Indeed, January 2006 saw the successful floatation of the third company on the London Stock Exchange in the stem cell and regenerative medicine area: Intercytex plc (Cambridge, UK, www.intercytex.com). Intercytex is a cell therapy company specialising in wound care and the aesthetic medicine businesses. It raised £15 million on AIM (a market of the London Stock Exchange) to give a market capitalisation on admission of approximately £60 million.
Round up
The Hwang events are clearly a set back for the field of therapeutic cloning, which is currently an extremely small sector in the overall field of stem cells and regenerative medicine. There is a growing momentum for the argument that there is a “need to aggressively develop human embryonic stem cell technologies in countries where such research is subject to much more stringent ethical and scientific oversight.”2
The South Korean experiences have certainly had an impact on the South Korean biotechnology sector, which has experienced falling investments, although some argue that the market was over hyped as a result of Hwang’s ground-breaking announcement and it is now settling back to a more realistic level.
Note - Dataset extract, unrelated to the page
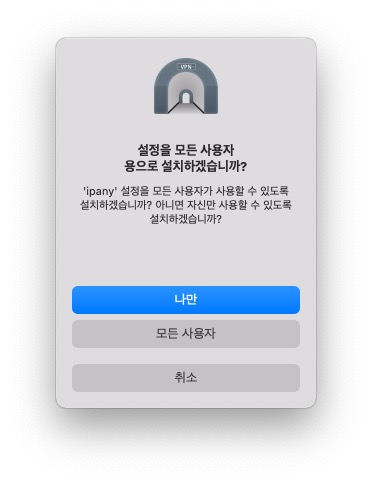 다운로드가 끝나면 "다운로드"에서 "ipany.ovpn"를 실행하고 이 설정을 사용할 사용자를 선택합니다. "모든 사용자" 또는 "나만"을 클릭하면 됩니다.
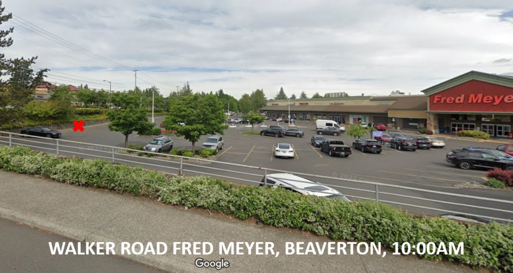 The first part: Fred Meyer, Hillsboro at "approximately 9 AM;" and Fred Meyer, Beaverton at "approximately 10 AM."

However, the global stem cell and regenerative medicine sector remains unchanged overall and even possibly a more interesting sector for investors, for example, the recent successful Intercytex floatation on AIM. It now appears that the stem cell technology tide may have turned from the Far East and that the West, and the US and UK in particular, may benefit most from recent events in South Korea.
1. A. Weintraub, “A ‘Body Blow’ to Stem Cell Research,” Business Week Online, 23 January 2006, www.businessweek.com/magazine/content/06_04/b3968067.htm
2. Editorial, “Getting Beyond Hwang,” Nature Biotechnology, 24, p. 1 (2006).
Chris Mason, PhD FRCS, Regenerative Medicine Bioprocessing Unit, Advanced Centre for Biochemical Engineering, University College London, Roberts Building, Torrington Place, London WC1E 4JE, UK, tel. +44 20 7679 0140, fax +44 20 7209 0703, e-mail: chris.mason@ucl.ac.uk.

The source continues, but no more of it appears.